Phil: "Exactly right because we know traditionally most sales people come from a push strategy and a seller focussed strategy. In other words most sellers are trying to convince us to buy their product or their service and that’s what they are good at. We are just so onto that and nobody likes it. If I say to people I say ‘who likes to buy things? Show of hands’ and about 80% of the group will always put up their hand and then I say ‘who likes to be sold to or closed, keep your hand up if you like to be closed or sold to?’ and immediately most of the hands go down."

Di: "Now if we’re all trying to sell and I’m assuming a lot of people on the call today are doing that very thing, they are actually wanting to get more customers, more buyers and yet we’re almost giving off a subliminal message that we don’t like to sell."

Phil: "Well, what actually happens is is most sellers come from a seller focussed perspective and you said earlier Di we want the sale. They want the sale and as buyers we smell that they want the sale and we know that people make commissions when they make sales and they want the sale and they will do, and not everybody is like this, everyone has an experience with a sales person that’s pushy, not too ethical, will do just about anything, make any sort of promise to get your business. This has been happening for a long time and we’re just so onto it. Bottom line is we’ve learnt as buyers to keep sales people at bay, we need to give them only the information we want to give them, we want to get everything they’ve got, so in other words we want to know everything they know and sales people are really happy to do that because they know a lot about their product and service and most of the training they do is around product and service. So we use that information in fact you shop it around to other vendors to get the best deal and often we don’t even make a purchase."

Di: "Well if you’ve got this mismatch going on, this battle of wills going on then what is the alternative?"

Phil: "Well, that’s a good question. The alternative is to as a seller is to use more of a buyer focussed process or system than a seller focussed system.

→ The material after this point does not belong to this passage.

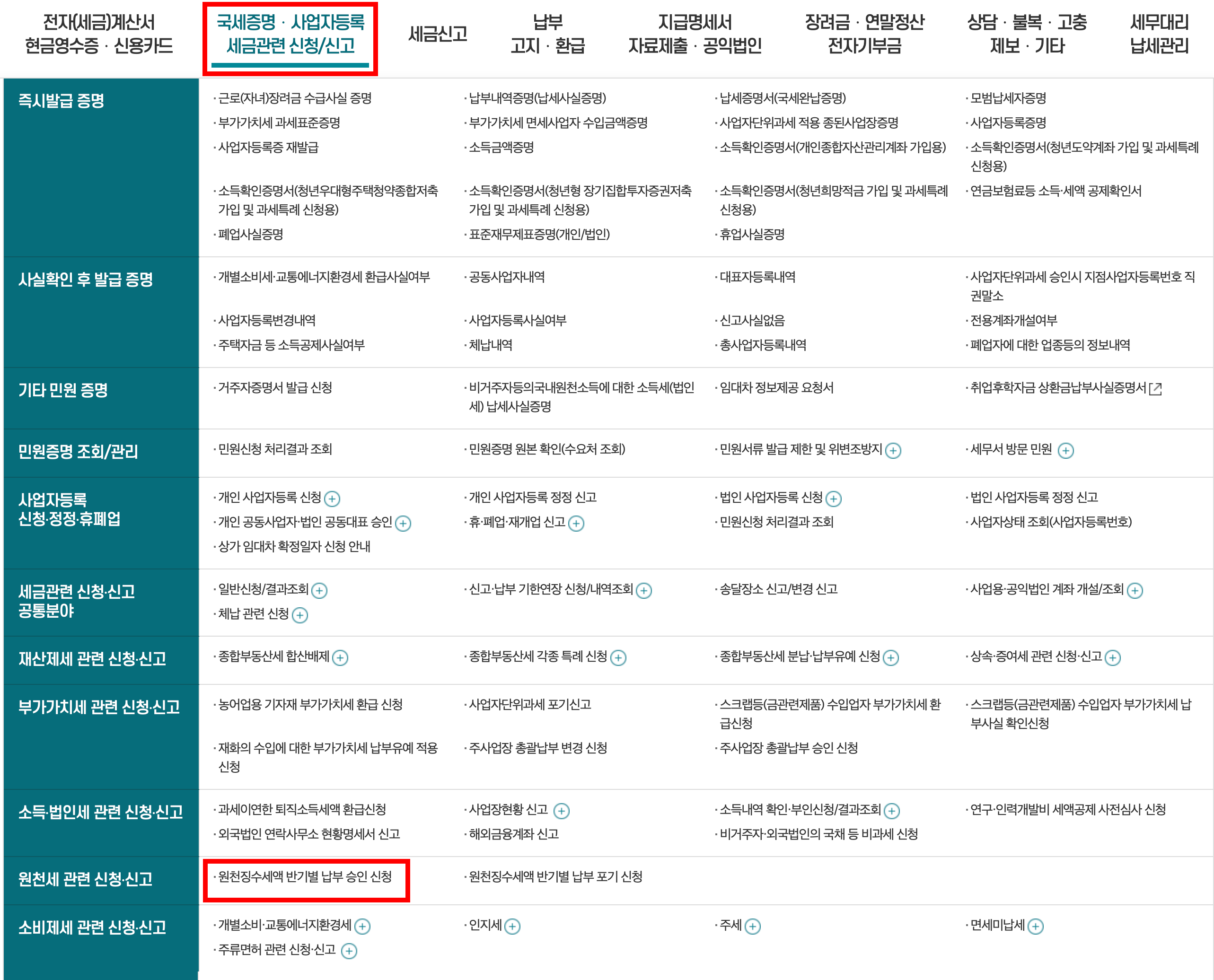 2. [국세증명,사업자등록,세금관련 신청/신고] - [원천세관련 신청/신고] - [원천징수세액 반기별 납부 승인 신청]

The important thing here is trust, is for sellers to use a process and change what they are currently doing so that there is a lot more trust in the relationship."

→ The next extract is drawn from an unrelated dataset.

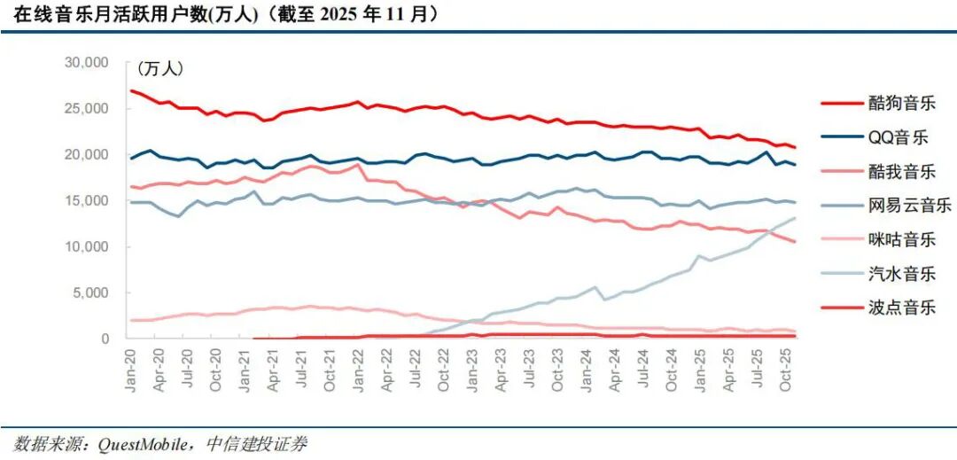 截至2025年11月底,汽水音乐日活(DAU)达4431万,仅次于酷狗音乐和QQ音乐,超越网易云音乐。

Di: "Right, so to use a buyers system effectively is the alternative to this historic mismatch and the essence of that is to establish trust. "

Phil: "Well, that’s right, see the buyers are using this process to, which is based on misleading, which is based on telling some mistruths to the seller, and basically the buyer wants a lot of information. The sellers traditional process is to give a lot of information ‘hey guys, let me tell you why you want to deal with us, why we’re great, all the features and benefits of our products or service, I think you are really going to like it’. So we’ve been trained, partly by sales training companies for the last 50 years and partly by the buyers to believe that in giving a lot of information that’s going to help make you want to deal with me. In fact, it plays right into the buyers hands because what the buyer does with that information is shop it around. They beat everybody up for price, they are looking for the best deal and more often than not they don’t even make a decision. Sellers have also been taught that as well as giving a good presentation you’ve got to be really persistent and follow up. So they spend a lot of their time, energy, effort and money following up people that they should never really be following up."